▸ **Source data**
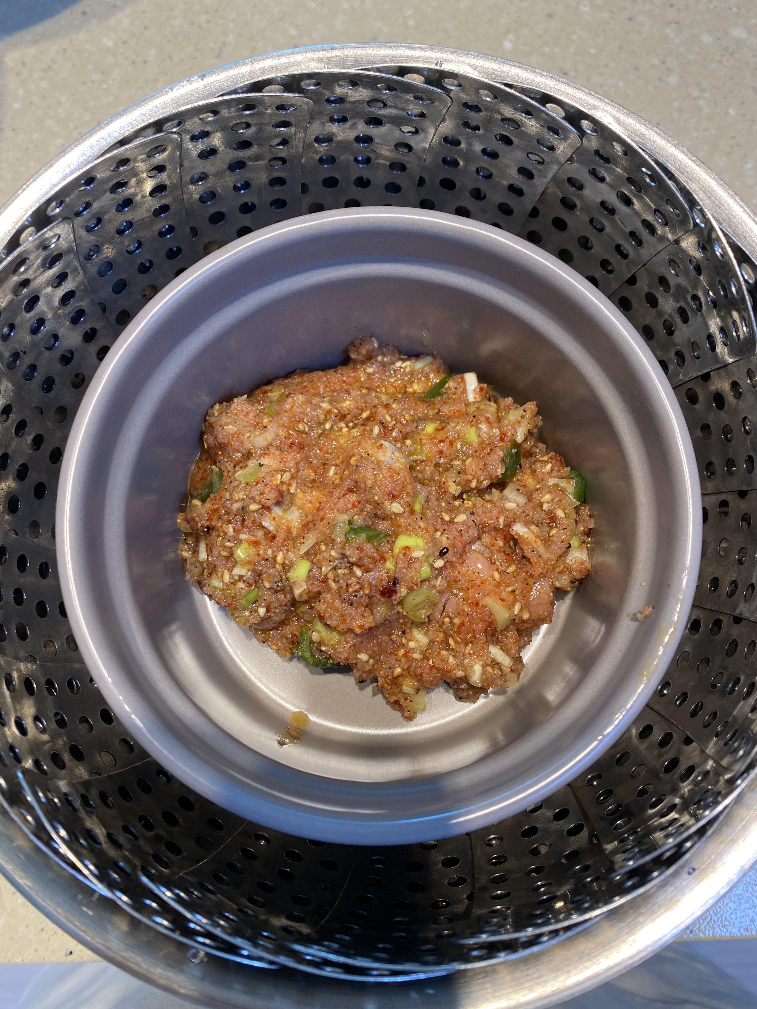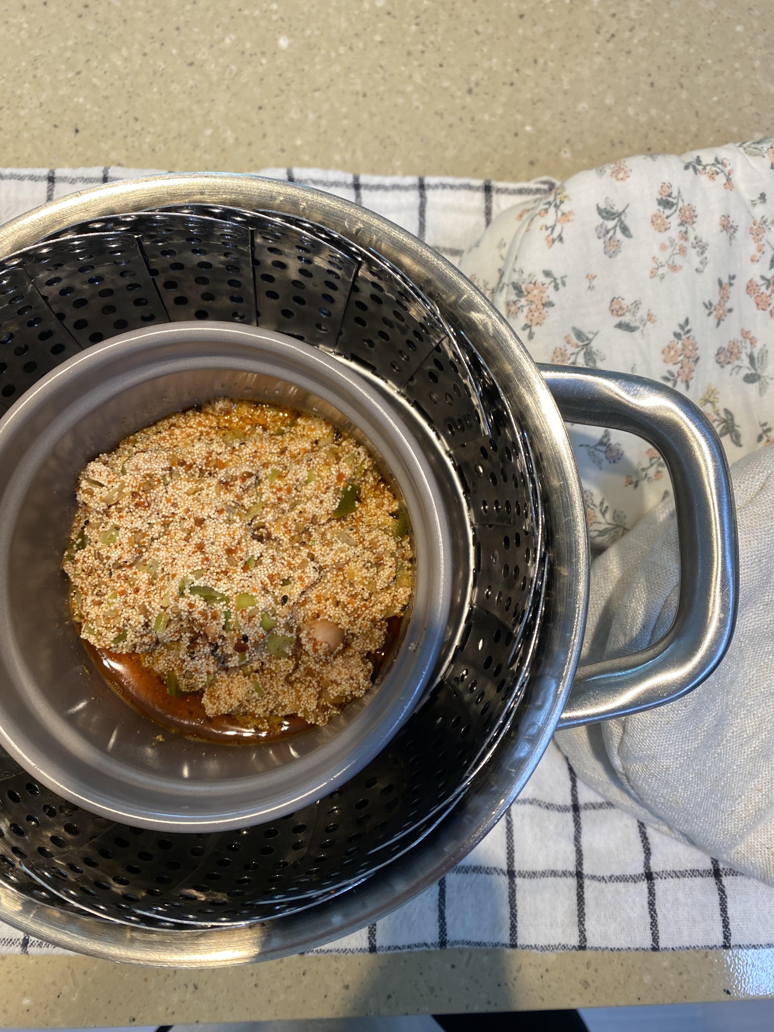 이제 중탕용 그릇에 명란젓 섞은 걸 옮기고 찜통에 약불에 15분 쪄줍니다.
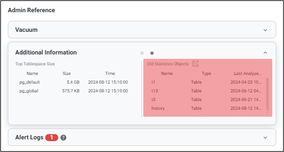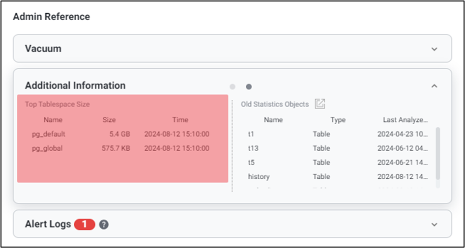 | 2 | Vacuum | Age 상태 정보를표시합니다. Age 사용 비율을 통해 Vacuum 수행 여부를 판단할 수 있습니다. 해당 영역을 클릭하면 Age 사용이 높은 Object를 확인할 수 있는 ‘Top 10 Object List’ 팝업창으로 연계됩니다. |
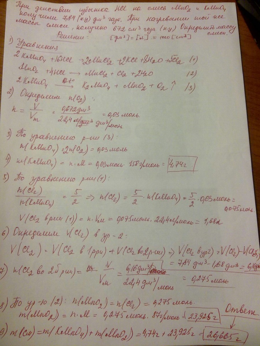 При действии избытка соляной кислоты на смесь MnO2 и KMnO4 выделилось 7,84 дм3 газа (н.у.), а при нагревании такой же массы этой смеси получено 672 см3 газа (н.у.)
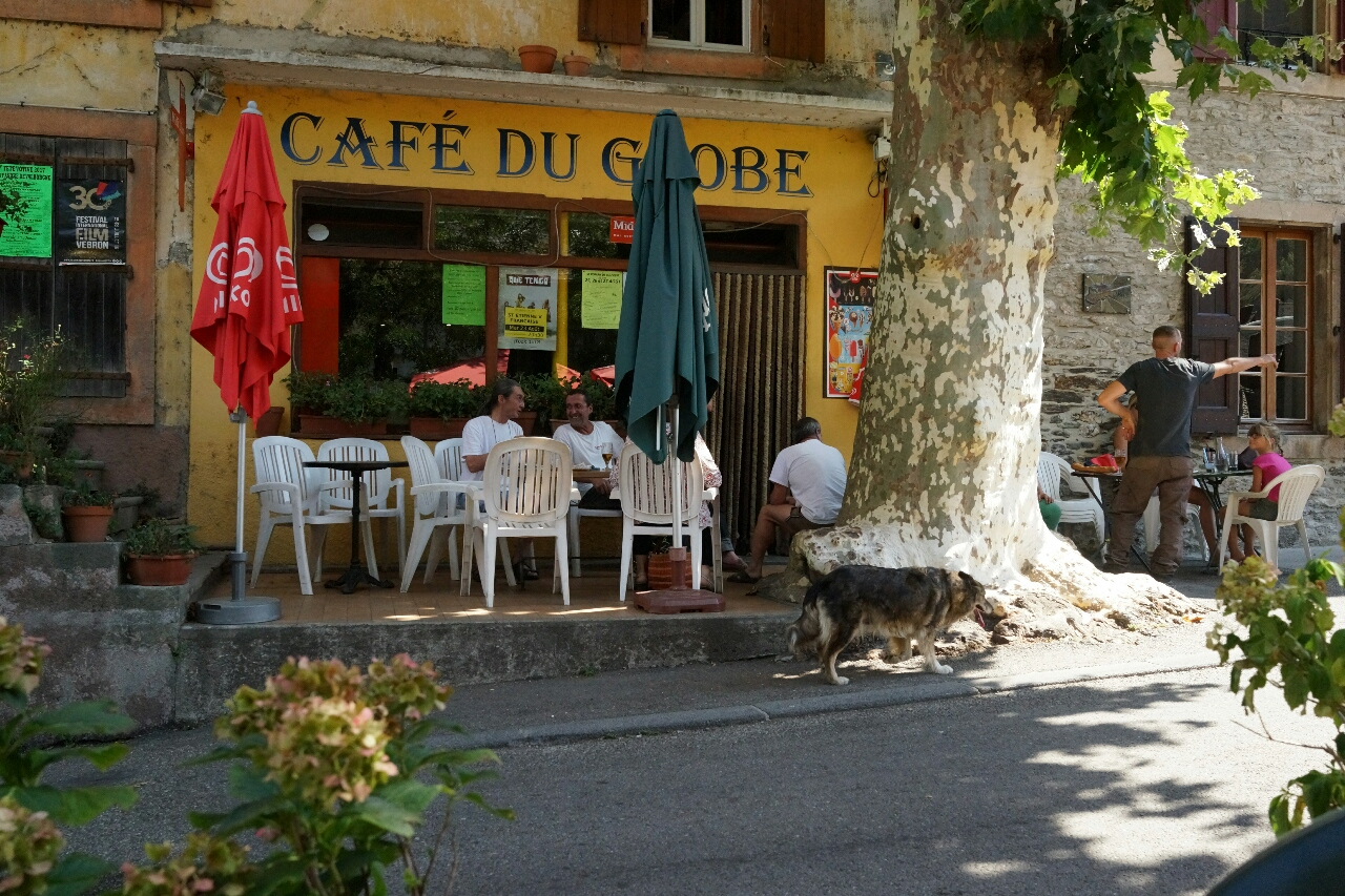 Het is vrij snel duidelijk dat het vlakke stuk in de 100 Cols een uitzondering is. Vrijwel direct nadat ik de camping in Lasalle verlaat, begint het klimmen. Tegen elven heb ik de eerste twee officiële cols al gedaan. Ik ben dan na een lange, moeilijke afdaling gearriveerd in Sainte-Croix-Vallée-Française in de Cevennen. Ik ga zitten bij Café du Globe voor koffie. Het is een mooi oud café, met een miniterrasje voor de gevel, in de schaduw van oude hoge bomen. Een oude hond slentert langs om te zien of er nog wat te schooien valt.
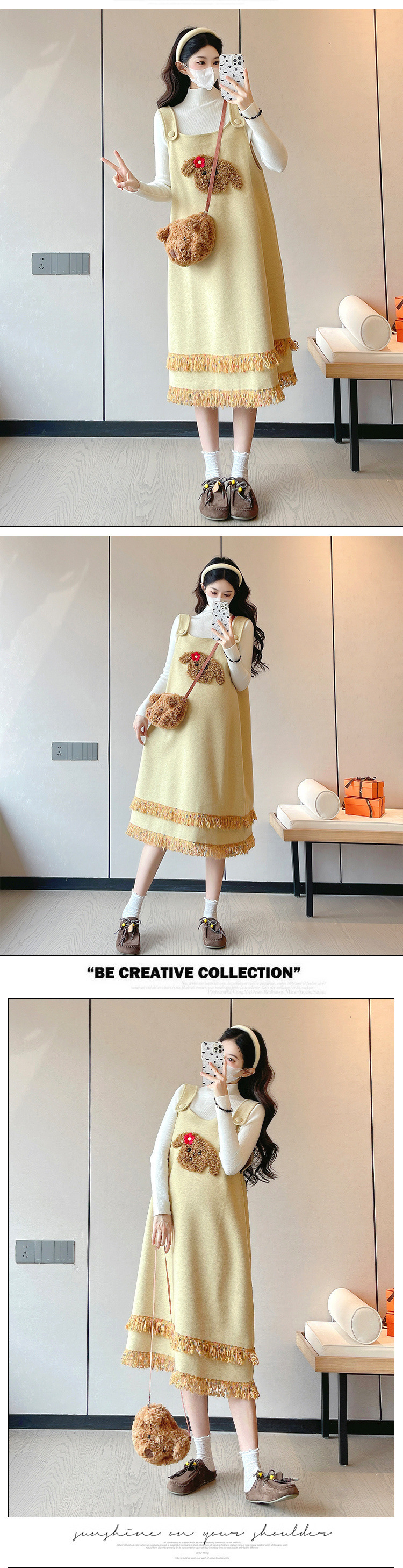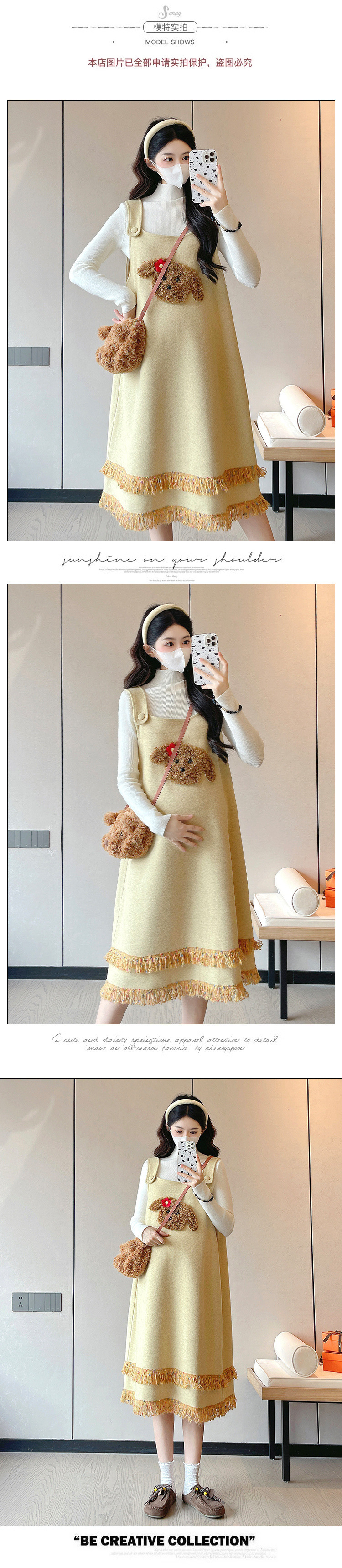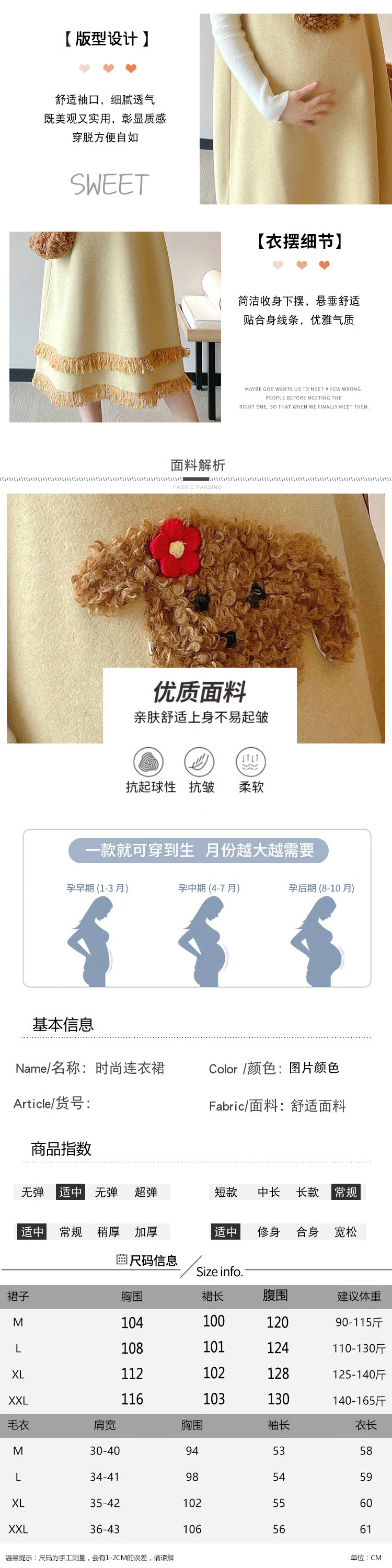 实拍 秋冬舒适针织衫+重工刺绣花边拼接甜美针织背心裙孕妈套装

▸ **Exercise requirements**
Reproduce exactly the lines from the beginning of the material down to the line containing "팝업창으로 연계됩니다. |", both ends included, but not the pictures or anything after.

▸ **Task output**
 이제 중탕용 그릇에 명란젓 섞은 걸 옮기고 찜통에 약불에 15분 쪄줍니다.
 | 2 | Vacuum | Age 상태 정보를표시합니다. Age 사용 비율을 통해 Vacuum 수행 여부를 판단할 수 있습니다. 해당 영역을 클릭하면 Age 사용이 높은 Object를 확인할 수 있는 ‘Top 10 Object List’ 팝업창으로 연계됩니다. |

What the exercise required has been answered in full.